Construction of plsC4inact. and plsC5inact. mutants. A The wild-type (upper) and mutated (lower) nucleotide and amino acid sequences of catalytic site-coding regions. The small characters indicate the mutated nucleotides. A SalI site in the wild-type plsC5, of which loss indicates the successful mutation, is shaded. Raw sequencing data for the mutated sequences are shown at the bottom. B The growth curves of parent (black), plsC4inact. (blue), and plsC5inact. cells (red).
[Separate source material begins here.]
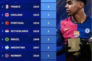 體育資訊11月5日訊 巴黎圣日耳曼小將杜埃贏得了2025年金童獎(jiǎng),德轉(zhuǎn)盤點(diǎn)了各國(guó)球員贏得金童獎(jiǎng)次數(shù),西班牙以5次居首。

Solid and broken lines indicate growth profiles at 18 °C and 4 °C, respectively

The mutants were tested by a cell motility assay to examine whether the mutations induced a polar effect, as observed in the ΔplsC4 mutant. Motility of plsC4inact. cells, as well as plsC5inact. cells, was comparable to that of the parent cells (Fig. S1). Abnormal cell flocculation, another consequence of the polar effect induced by plsC4 disruption, was not observed with plsC4inact. cells (data not shown). In addition, unlike the plsC5-disrupted mutant, with a PL composition similar to that of the ΔplsC4 mutant which was attributed to the polar effect, plsC5inact. cells displayed a unique PL pattern, as described below. Taken together, we confirmed that mutating only the catalytic site-coding sequence did not induce a polar effect.

Growth rate of plsC4inact. cells was slightly slower than that of the parent and plsC5inact. cells when cultured at 4 °C, whereas their growth was comparable at 18 °C (Fig. 2B). Given that PlsC4 produces BCFA-containing PLs, the growth retardation of plsC4inact. cells at cold temperatures was consistent with the cold susceptibility of a Leu/Ile/Val uptake-deficient mutant of S. piezotolerans, which did not upregulate the BCFA levels at 4 °C [19].

Electrospray ionization (ESI)-mass spectrometry (MS) analyses of PL compositions

The parent strain and plsC4inact. and plsC5inact. mutants that harbored either a control or complementation plasmid were cultured in LB media at 4 °C, and their PLs were extracted using the Bligh-Dyer method. The extracts were subjected to ESI-MS analysis, and the relative abundances of each PE and PG species were calculated from their ion intensities in the mass spectra. Although PAs are the direct products of the LPAAT reactions, the ion intensities of most PA molecules were not high enough to be quantified probably because most PAs were immediately converted into PEs and PGs. Therefore, we analyzed PE and PG profiles instead of a PA profile. Because PEs and PGs are produced from PAs via modification of the sn-3 head group and it is generally believed that acyl chain remodeling contributes little to the formation of PLs in bacteria, it is reasonable to consider that the acyl chain compositions of PEs and PGs reflect that of PAs. PLs are represented with the naming system where 32:1-PE, for instance, indicates a PE with 32 carbon atoms and one double bond in its acyl moiety. MS/MS analysis was performed to determine the fatty acid composition of the PL species. The positions of the fatty acyl groups were deduced based on the finding that the sn-2 fatty acyl group exhibits higher ion intensity than the sn-1 fatty acyl group in MS/MS spectra [27, 28].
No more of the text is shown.